Soundminor has extensive metadata capability,and you can enter in all sorts of usefull data that you can search,track or ingest and classify fairly quickly.Usefull for entering found sound from the roving sfx recordists.Also usefull to enter and catalogue musc tracks and search by different criteria.
The name of the game in sound design,especially with library stuff, is to learn how to search using the right names to find what you will be needing.
And Steve P is a nice guy from toronto to boot! what more is there to like? 8)


----------



## dannthr (Jan 24, 2014)

Basehead--no one said Basehead yet.


----------



## Jonvaljean (Jun 28, 2015)

Hi everybody
I am a bit of a newbie so forgive the question if too simple. I have looked through this list given above and although Soundminer and the other Pro tools look very cool, they are also expensive.

I just upgraded my Cubase to 8 Elements (yes I am a musician not producer or pro) and to my horror discovered that the Attribute Inspector is not activated in 8 Elements OR 8 Artist, you have to go Cubase 8 Pro to get it. There is no such info on the Steinberg site, in the product comparison chart it just says MediaBay is available on all three versions of Cubase 8. After a long time trying to figure out why I couldn't see it I finally downloaded the manual for Artist/Pro and deep in the MediaBay chapter it says that Attribute Inspector is only available in Pro. What a disappointment.

Because, I , like many others, collect sounds, loops, instruments wherever I can find them and I desperately need a database system for organising them. Much of the stuff has no metadata at all so there is no easy way to search for things. Sometimes I get directories of stuff including all kinds of instruments so it is not straightforward to create my own filesystem structure.

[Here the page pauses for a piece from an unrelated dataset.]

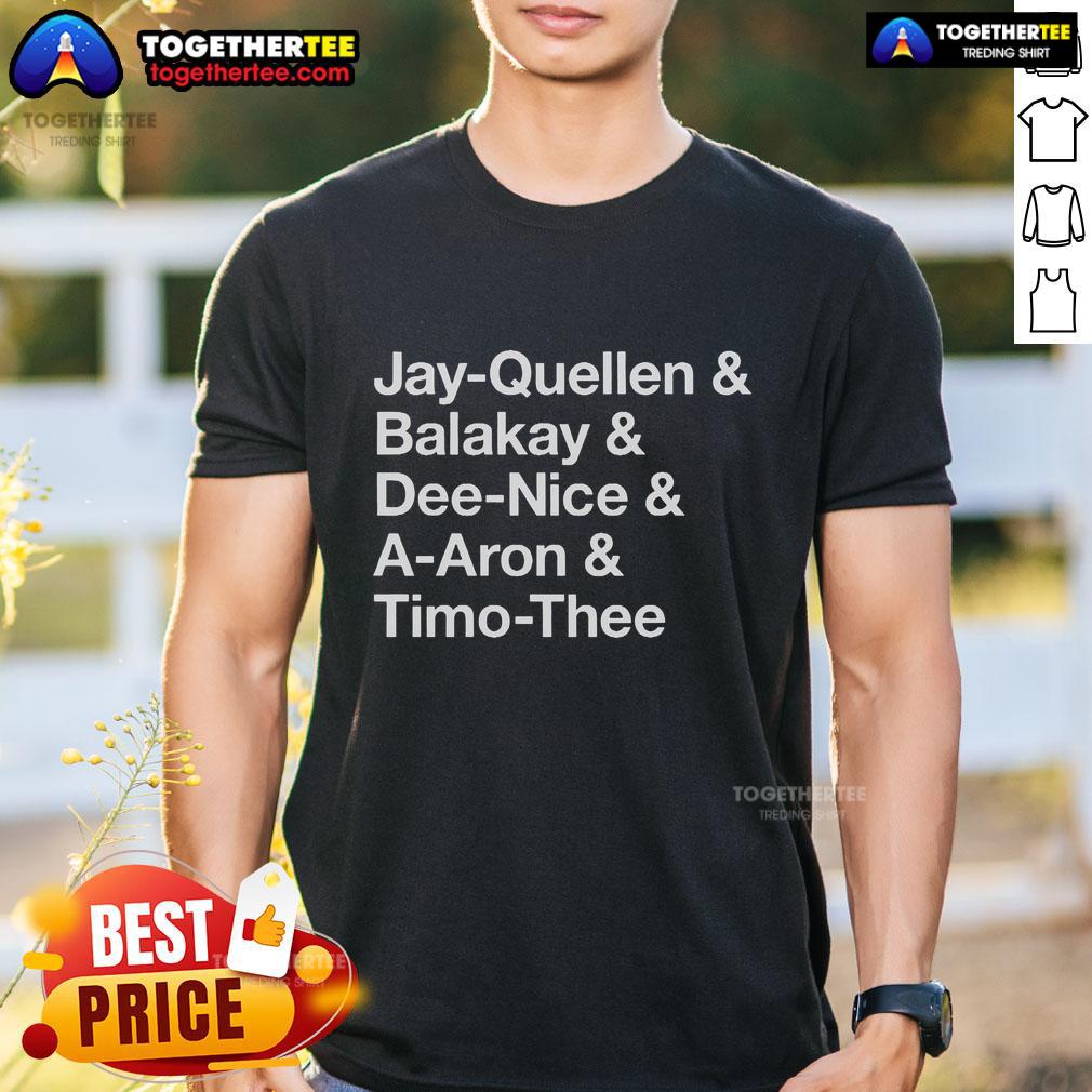 Official Substitute Teacher Names Jay-Quellen & Balakay & Dee-Nice & A-Aron & Timo-Thee T-Shirt

I really think a database would be the trick.

MediaBay seems like a great idea, if only there were an easy way to add and modify Attributes, which the Attribute Inspector is there for.

But not according to the marketing strategy of Steinberg, too bad. So

Anybody have any more recent ideas of a tool that I could use to go through my stuff, add attributes in a way that later MediaBay can recognise them in the searches, and make life easier?

If I am constrained to buy Soundminer or the other pro tools, well it just seems like alot of money I would rather spend on instruments or hardware.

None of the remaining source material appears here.